Most imports of used and refurbished medical equipment are strictly controlled by the MOH. Decision 2019/1997/QD-BKHCNMT dated December 1, 1997, stipulates that the Ministry of Science, Technology, and Environment (MOSTE) must inspect and certify all imports of used medical equipment. Such used medical equipment must retain at least 80 percent of its life expectancy and must have fuel or electricity consumption ratings that do not exceed 110 percent of the consumption of newer versions of the equipment. In reality, MOH accepts used equipment for donation purposes only.
The Government of Vietnam has approved a conceptual plan to develop the health care network through 2020. This covers public health/preventative medicine and primary care systems as well as medicine manufacture and supply. These plans aim for 25 hospital beds and at least eight physicians and two pharmacists to be available for every 10,000 people.

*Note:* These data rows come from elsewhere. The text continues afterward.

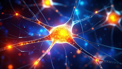 Detailed neural network with glowing neurons and interconnected synapses, representing brain activity, AI, and advanced neuroscience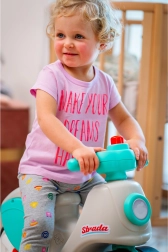 Laufrad Strada Retro bringt Erinnerungen an Spielzeug aus den 70er Jahren in einem neuen, modernen Look zurück. Es ist ideal für Kinder ab 1 Jahr und trägt bis zu 25 kg. Dank der leisen Räder mit einer Elastomerschicht bietet das Laufrad ein ruhiges und leises Fahrerlebnis, während die breiten Räder für Stabilität sorgen.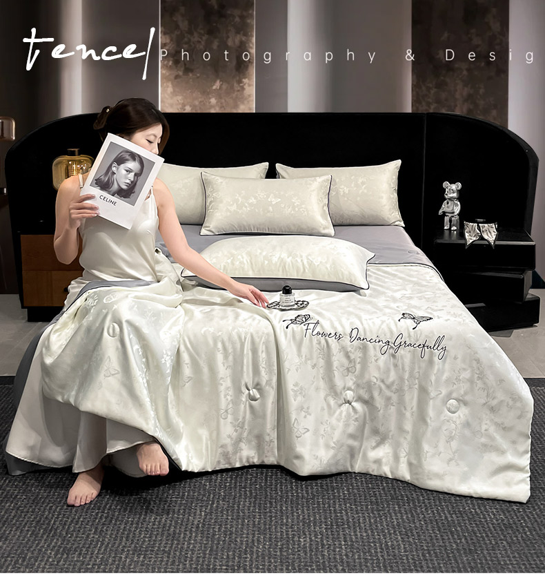 (总)慕澄家纺 2026新款水洗真丝天丝提花刺绣夏凉被空调被夏被四件套-蝶影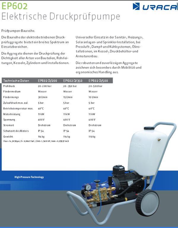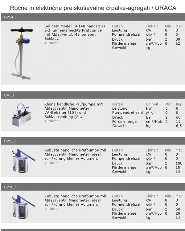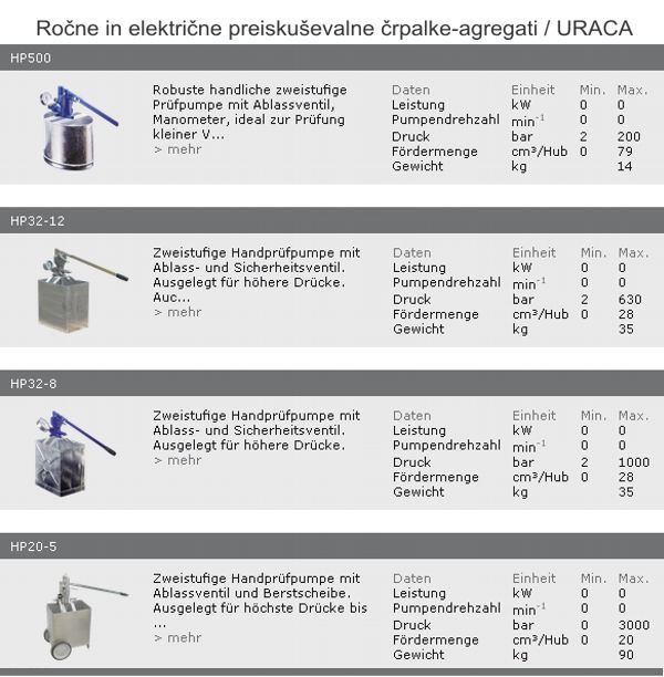 URACA visokotlačne ČRPALKE od 2 do 3000 bar.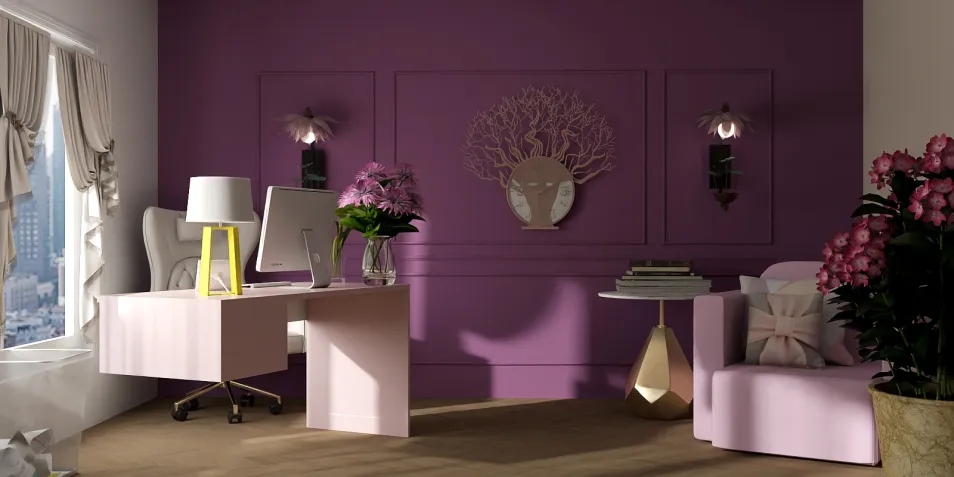 This wall color is perfect for First Day of Spring. I added this light pink to complement the wall as well as open curtains to keep that perfect lighting coming from outside. The guest chair matches the desk with a nice size potted pink flowers. it's Giving ' A welcoming area to talk about Designing for the New Season'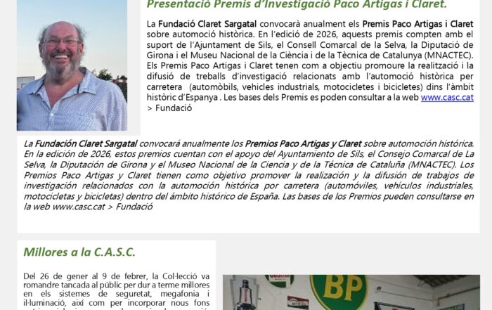 A causa de feines de reformes, instal·lació de llums i equips, la col·lecció d'automòbils Salvador Claret romandrà tancada fins al 6 de febrer. El [...]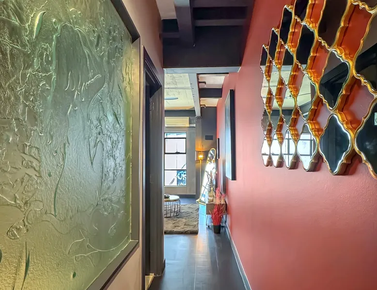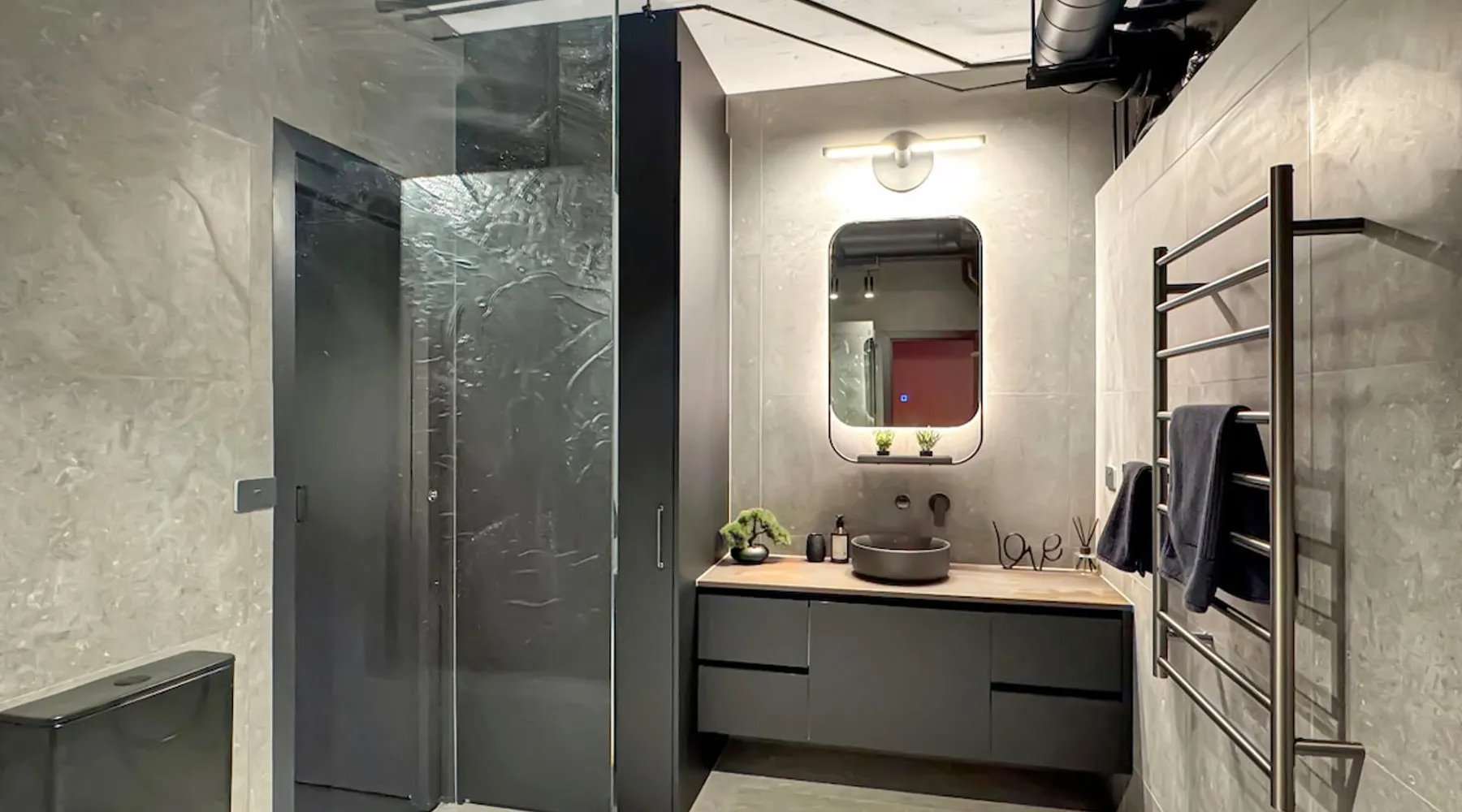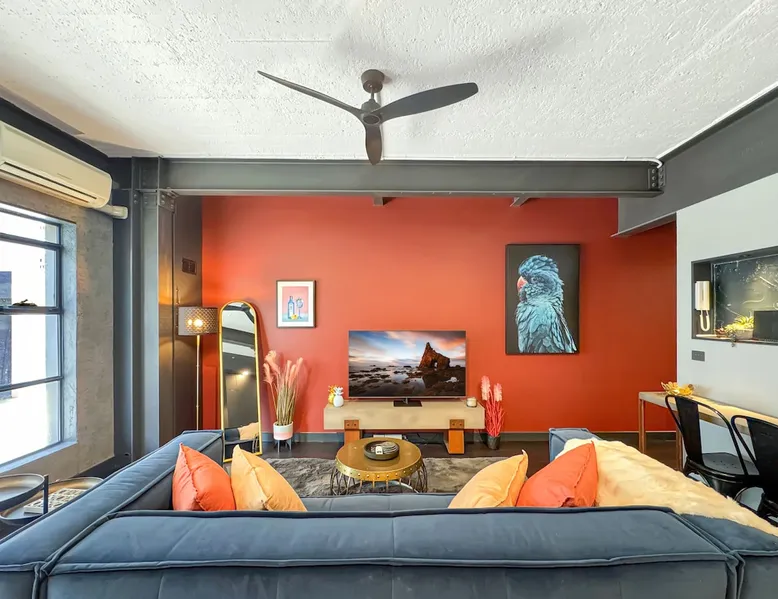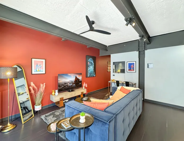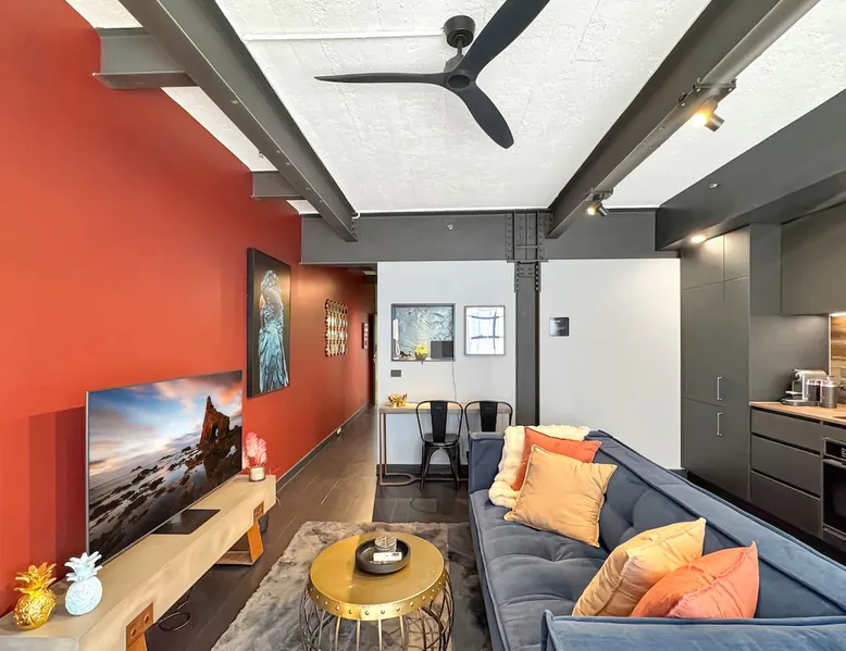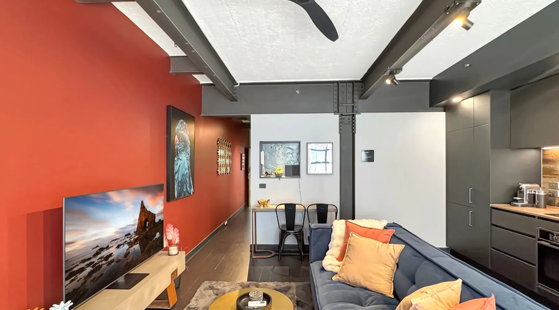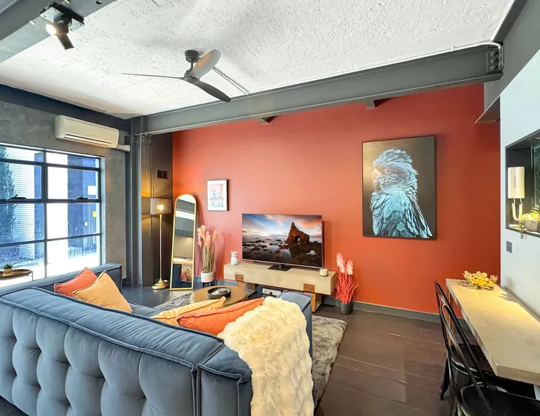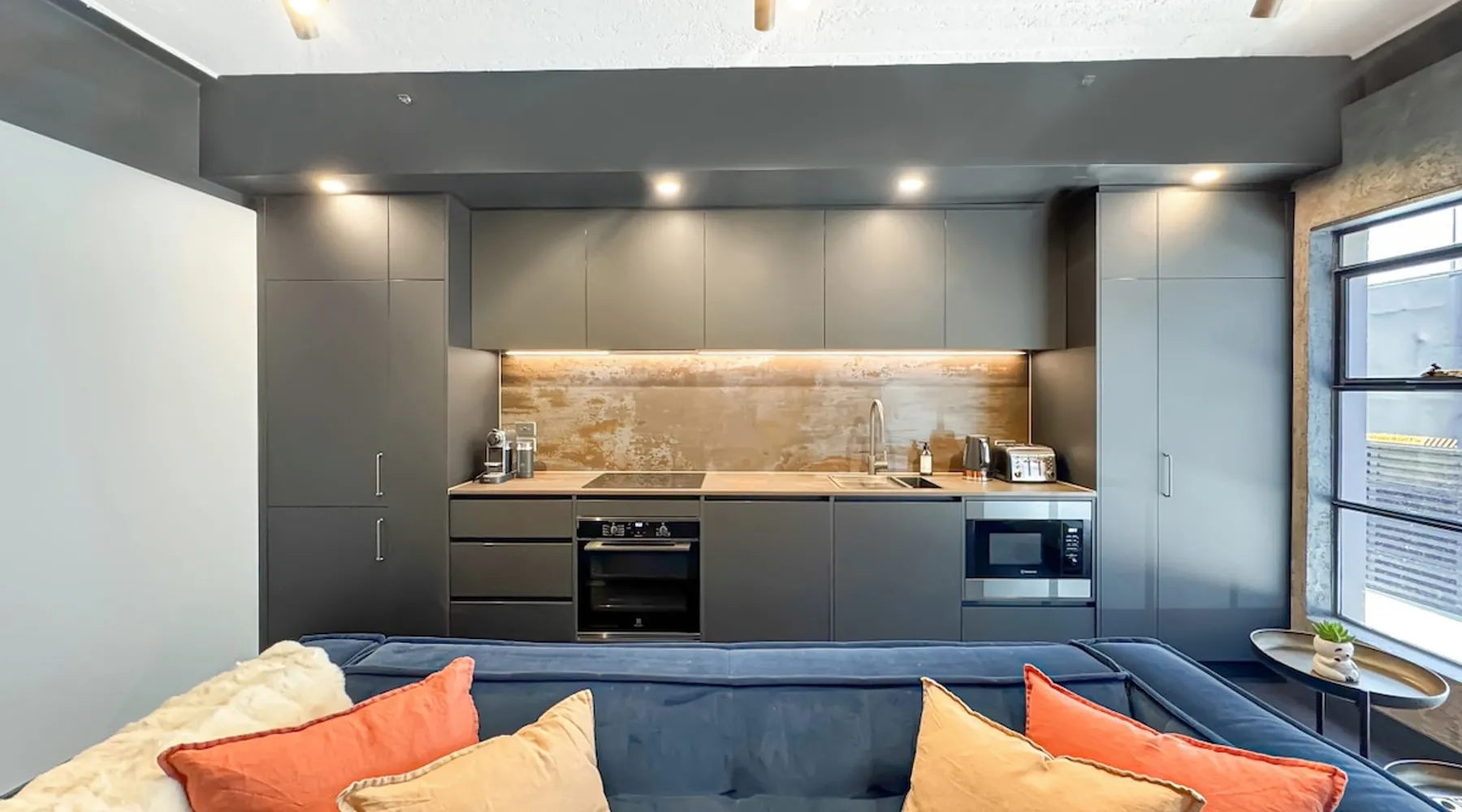 Once a historic Eucalyptus Distillery, this fully renovated one-bedroom warehouse apartment blends industrial heritage with high-end modern design. Dark, moody and meticulously finished, it’s far from your standard short-stay. Just over 1 km to the MCG, 2 km to the city, and steps from Bridge Road cafés, shops and trams, it’s the perfect stylish urban escape. The space Behind a secure entry, this first-floor apartment embraces its warehouse heritage with black polished floors, exposed beams, cast concrete ceilings and iron-framed factory windows. Every detail has been elevated, from the industrial-style Dekton benchtop to the sleek black kitchen with gunmetal grey tapware and induction cooktop & electronic oven. The open-plan living zone includes split-system heating/air conditioning, a ceiling fan, a cosy couch, a 55-inch smart TV and a dining bench for two which is the perfect spot to unwind after exploring Richmond. The kitchen is fully equipped with quality appliances, integrated fridge/freezer & dishwasher, built in microwave, kettle, toaster and a Nespresso machine. Complimentary coffee, tea, sugar, milk and hot chocolate are provided for your stay. The separate bedroom features a comfortable queen bed, ceiling fan, generous wardrobe space including luxurious bathrobes for use during your stay. The bathroom has been fully transformed into a luxe, hotel-style retreat with a dark, moody aesthetic that complements the apartment’s industrial character. Featuring floor-to-ceiling tiles, a custom black vanity with a gunmetal grey basin, and soft LED backlighting behind the mirror, the space feels both dramatic and calming. Gunmetal grey tapware and shower fittings add a sophisticated, architectural touch, while the walk-in glass shower features a rainfall head and hand shower for a spa like experience. Practicality hasn’t been forgotten, the bathroom also includes a heated ladder towel rail, combination washing machine and dryer, plus generous storage built into the vanity. Thoughtfully curated lighting, finishes and design details come together to deliver a truly elevated, premium short-stay experience, far exceeding a typical apartment renovation. Secure undercover parking for one car is included (carpark height 1.9 m). Guest access Guests will have exclusive access to the whole apartment and undercover carpark for the duration of their stay. (Please note: Guests are required to collect & drop off the fob for access at a local Keynest located 1.2kms away. Opening hours are Monday to Saturday 7am to 10pm & Sunday 8am to 10pm. Access outside of these times are not allowed. Other things to note Our property is 100% smoke free zone. If you wish to smoke please do so outside and dispose of cigarette butts correctly. Do not smoke near open doors or windows, to ensure the smoke doesn’t come into the property. If we need to deep clean the property due to a breach of these rules a $500 fee will be charged. We provide a starter pack of essentials such as toilet paper, milk & coffee to get you settled however if your stay is longer or you run out then it will not be replenished during your stay.

MOH’s strategy is to equip fully and simultaneously health care units at every level throughout the country, especially at the grass roots level. The program also calls for investment in the development and training of medical personnel, to improve the quality of diagnosis and treatment. The MOH’s two key initiatives in this regard are the Program for Upgrading Medical Equipment and the Program for Hi-Tech Centers. The program for upgrading medical equipment focuses on 1) imaging equipment (X-ray, ultrasound, internal probing); 2) emergency equipment; 3) laboratory equipment; and 4) operating theaters and sterilizing equipment. The High-Tech Medical Center Zones program aims to develop advanced and specialized health-care facilities in Hanoi, Ho Chi Minh City (HCMC) and the Central Region.